• EXERCISE DATA:
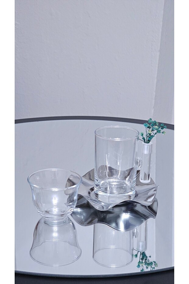 Tato ohromující 18dílná kolekce je pečlivě zpracována a obsahuje jemný mátový vzor vyrytý na prémiovém skle. Navržena pro 6 osob, nabízí všestrannou a sofistikovanou prezentaci jak pro tradiční turecký čaj, tak pro vynikající kávu, která okouzlí náročné zákazníky.
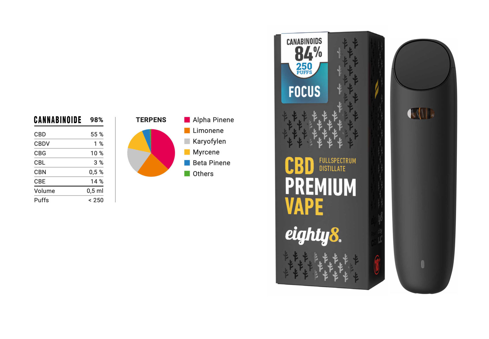 Die Zusammensetzung der Cannabinoide und Terpene im FOCUS Vaporizer Pen fördern die Konzentration und Kreativität. Im Terpenprofil sind Alpha Pinene, Limonene und Karyophylene vorherrschend.
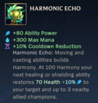 被动-回响和音:移动和施法会累积【和音】层数,在达到100层之后,你的下一个护盾或治疗技能将为目标和最多3个附近的友方英雄回复70+0.1法术强度生命值。
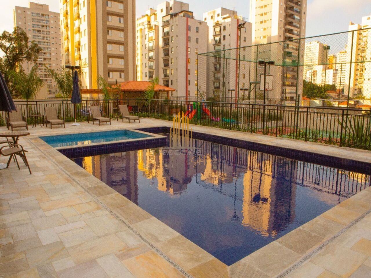 Condomínio conta com: Churrasqueira, Elevador de serviço, Elevador social, Pet place, Piscina adulto, Academia, Quadra poliesportiva, Playground, Portaria 24 horas, Sala de jogos, Segurança.
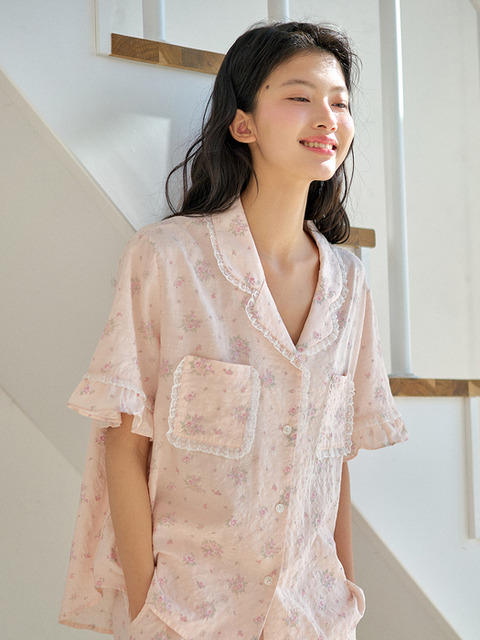 [울랄라파자마] 로나 반팔 여성페어 핑크 (40수)
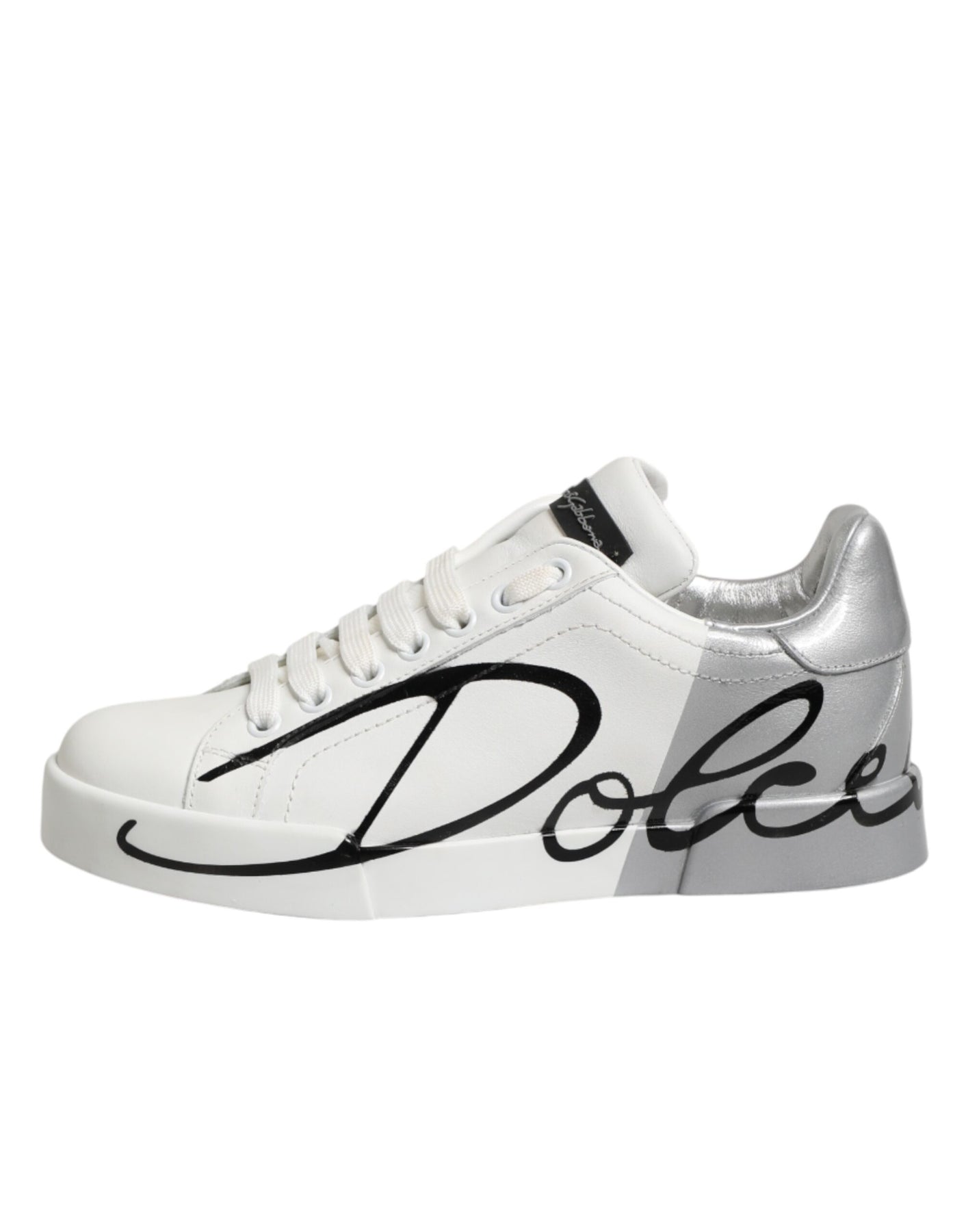Dolce & Gabbana White Gray Low Top Leather Sneaker Shoes
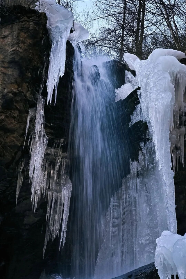 抬头望去,数十米高的冰瀑从悬崖峭壁间垂挂而下,宛如凝固的银河,在阳光的照耀下折射出晶莹的光芒。那些平日里奔腾不息的溪流,此刻也化作了冰封的玉带,在山谷间静静流淌。偶尔有未结冰的湖泊,倒映着岸边的老树,澄澈得如同一块碧绿的翡翠。
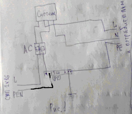 Во ВРУ следует также установить нулевую защитную шину, соединенную с указанным вводным зажимом, и изолированную от нее нулевую рабочую шину. Заземляющий проводник может быть присоединен к нулевой защитной шине ВРУ, которая в этом случае будет выполнять роль главной заземляющей шины. К вводному коммутационному аппарату и счетчику электроэнергии будут подключаться фазные проводники и нулевой рабочий проводник, начинающийся от указанного вводного зажима. В будущем к нулевой защитной шине ВРУ следует подключать нулевые защитные проводники электропроводок после их реконструкции.
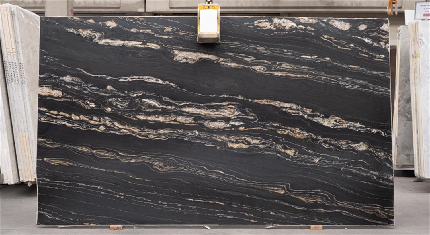 Diepe donkere tinten blijven behouden, maar de aders komen iets subtieler naar voren. Het oppervlak heeft een lichte structuur, wat het materiaal extra karakter geeft. Geschikt voor keukens, badkamers of toepassingen waar uitstraling telt, zonder dat het te aanwezig wordt.
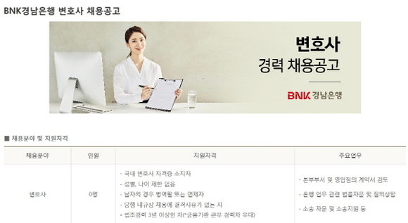 BNK경남은행은 은행 업무 관련 법률 자문, 소송 자문 및 지원 등의 업무를 담당할 경력직 변호사를 채용한다고 8일 밝혔다.

• YOUR OBJECTIVE:
Exactly the lines from the top of the entries through the line with "抬头望去,数十米高的冰瀑从悬", inclusive, must be given again, with every picture omitted.

• RESULT:
 Tato ohromující 18dílná kolekce je pečlivě zpracována a obsahuje jemný mátový vzor vyrytý na prémiovém skle. Navržena pro 6 osob, nabízí všestrannou a sofistikovanou prezentaci jak pro tradiční turecký čaj, tak pro vynikající kávu, která okouzlí náročné zákazníky.
 Die Zusammensetzung der Cannabinoide und Terpene im FOCUS Vaporizer Pen fördern die Konzentration und Kreativität. Im Terpenprofil sind Alpha Pinene, Limonene und Karyophylene vorherrschend.
 被动-回响和音:移动和施法会累积【和音】层数,在达到100层之后,你的下一个护盾或治疗技能将为目标和最多3个附近的友方英雄回复70+0.1法术强度生命值。
 Condomínio conta com: Churrasqueira, Elevador de serviço, Elevador social, Pet place, Piscina adulto, Academia, Quadra poliesportiva, Playground, Portaria 24 horas, Sala de jogos, Segurança.
 [울랄라파자마] 로나 반팔 여성페어 핑크 (40수)
Dolce & Gabbana White Gray Low Top Leather Sneaker Shoes
 抬头望去,数十米高的冰瀑从悬崖峭壁间垂挂而下,宛如凝固的银河,在阳光的照耀下折射出晶莹的光芒。那些平日里奔腾不息的溪流,此刻也化作了冰封的玉带,在山谷间静静流淌。偶尔有未结冰的湖泊,倒映着岸边的老树,澄澈得如同一块碧绿的翡翠。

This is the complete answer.